> Task prompt: In the material below, find the line with "The Madison Park" and the line with "Willem Hendrik Eickelberg", then output both and every line between them exactly, omitting pictures.

[Data for this exercise — start]

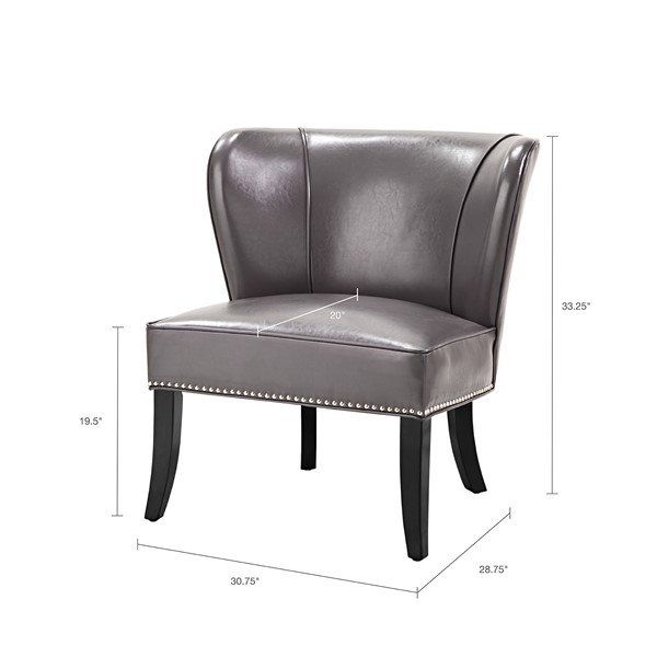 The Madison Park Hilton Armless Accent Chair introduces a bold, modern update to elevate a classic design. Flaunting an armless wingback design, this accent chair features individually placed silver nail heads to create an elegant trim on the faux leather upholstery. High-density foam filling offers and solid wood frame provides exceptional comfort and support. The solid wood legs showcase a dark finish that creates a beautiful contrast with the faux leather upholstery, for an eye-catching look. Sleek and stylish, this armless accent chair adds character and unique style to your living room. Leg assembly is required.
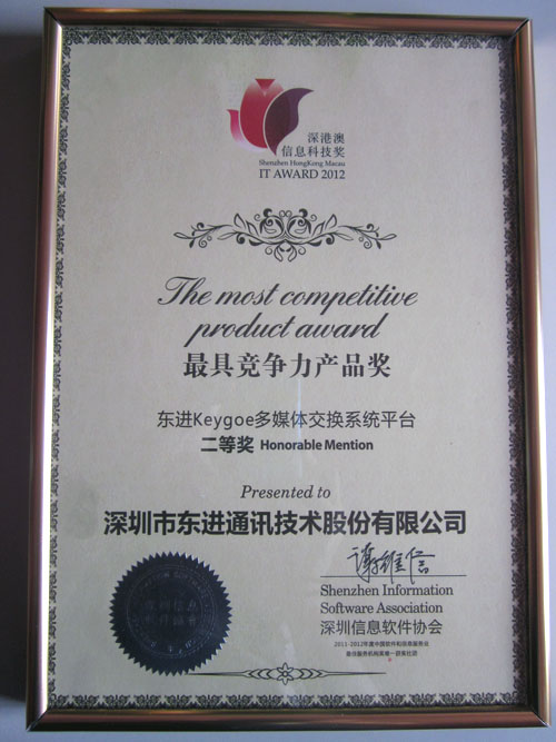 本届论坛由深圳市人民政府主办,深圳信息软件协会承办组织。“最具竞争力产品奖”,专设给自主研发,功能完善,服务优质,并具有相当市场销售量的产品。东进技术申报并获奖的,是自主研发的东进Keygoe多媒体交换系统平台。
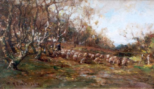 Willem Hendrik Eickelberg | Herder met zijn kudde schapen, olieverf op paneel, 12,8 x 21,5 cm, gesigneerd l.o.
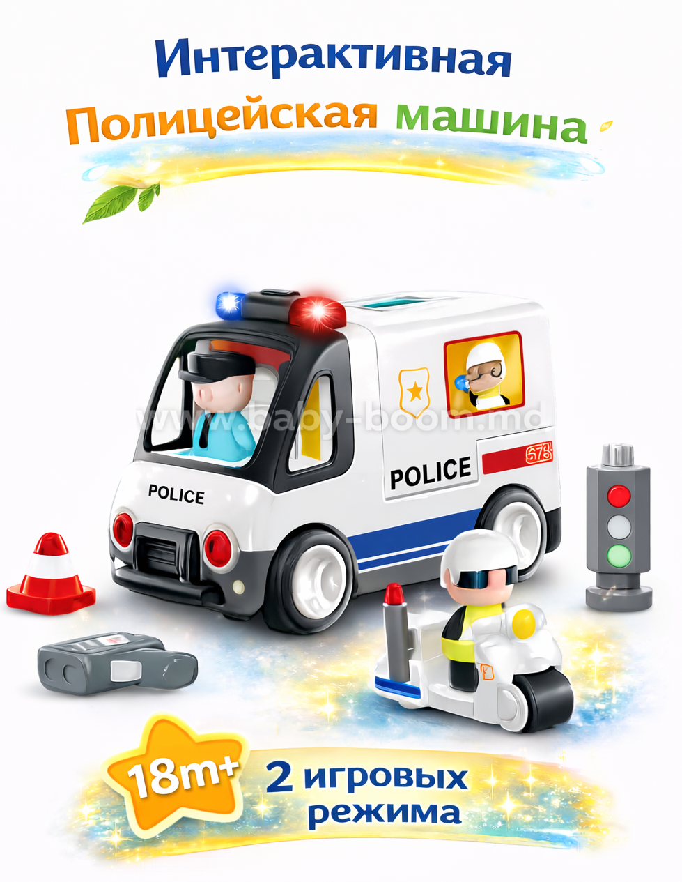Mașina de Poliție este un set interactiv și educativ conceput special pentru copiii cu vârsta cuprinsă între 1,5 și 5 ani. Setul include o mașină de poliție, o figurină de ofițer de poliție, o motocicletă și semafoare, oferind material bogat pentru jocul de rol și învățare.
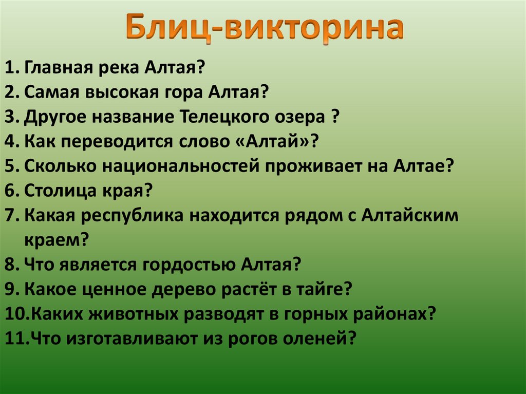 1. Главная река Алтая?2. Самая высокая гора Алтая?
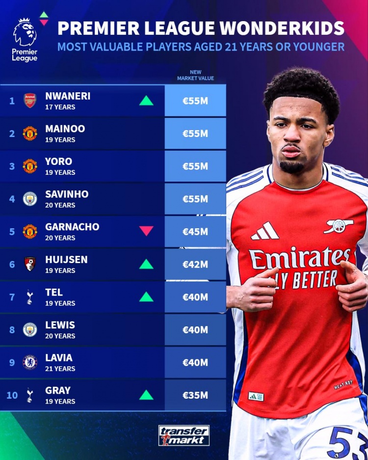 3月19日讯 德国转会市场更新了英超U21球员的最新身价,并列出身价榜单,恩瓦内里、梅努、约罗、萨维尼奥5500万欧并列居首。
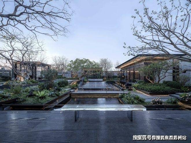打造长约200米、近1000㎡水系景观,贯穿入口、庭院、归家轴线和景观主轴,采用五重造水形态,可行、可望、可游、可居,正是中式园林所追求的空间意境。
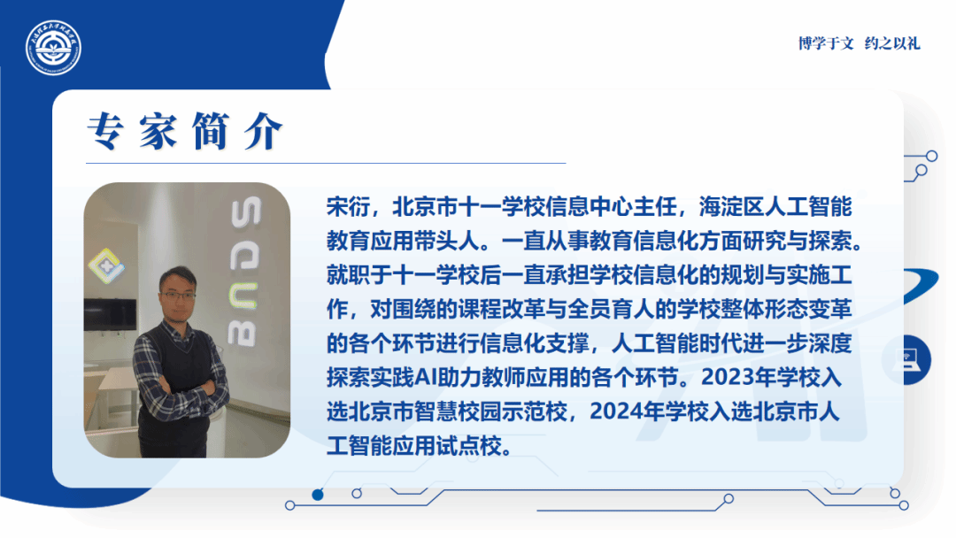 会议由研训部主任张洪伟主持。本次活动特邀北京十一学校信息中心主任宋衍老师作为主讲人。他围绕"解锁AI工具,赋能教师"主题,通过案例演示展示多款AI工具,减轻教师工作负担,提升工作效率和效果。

[Data for this exercise — finish]
[Data for this exercise — start]

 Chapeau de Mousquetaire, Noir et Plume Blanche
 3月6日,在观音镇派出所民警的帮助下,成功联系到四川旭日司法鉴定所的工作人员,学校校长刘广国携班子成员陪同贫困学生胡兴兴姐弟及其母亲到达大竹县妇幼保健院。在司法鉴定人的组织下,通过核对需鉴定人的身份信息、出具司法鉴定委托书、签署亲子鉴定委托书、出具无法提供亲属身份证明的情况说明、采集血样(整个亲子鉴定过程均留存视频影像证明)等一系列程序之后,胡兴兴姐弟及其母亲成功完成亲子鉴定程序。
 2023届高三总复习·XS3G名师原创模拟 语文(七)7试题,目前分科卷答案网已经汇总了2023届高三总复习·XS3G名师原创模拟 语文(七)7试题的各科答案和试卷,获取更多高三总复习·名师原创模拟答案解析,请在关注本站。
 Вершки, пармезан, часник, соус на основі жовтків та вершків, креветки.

[Data for this exercise — finish]

> Output of the exercise:
 The Madison Park Hilton Armless Accent Chair introduces a bold, modern update to elevate a classic design. Flaunting an armless wingback design, this accent chair features individually placed silver nail heads to create an elegant trim on the faux leather upholstery. High-density foam filling offers and solid wood frame provides exceptional comfort and support. The solid wood legs showcase a dark finish that creates a beautiful contrast with the faux leather upholstery, for an eye-catching look. Sleek and stylish, this armless accent chair adds character and unique style to your living room. Leg assembly is required.
 本届论坛由深圳市人民政府主办,深圳信息软件协会承办组织。“最具竞争力产品奖”,专设给自主研发,功能完善,服务优质,并具有相当市场销售量的产品。东进技术申报并获奖的,是自主研发的东进Keygoe多媒体交换系统平台。
 Willem Hendrik Eickelberg | Herder met zijn kudde schapen, olieverf op paneel, 12,8 x 21,5 cm, gesigneerd l.o.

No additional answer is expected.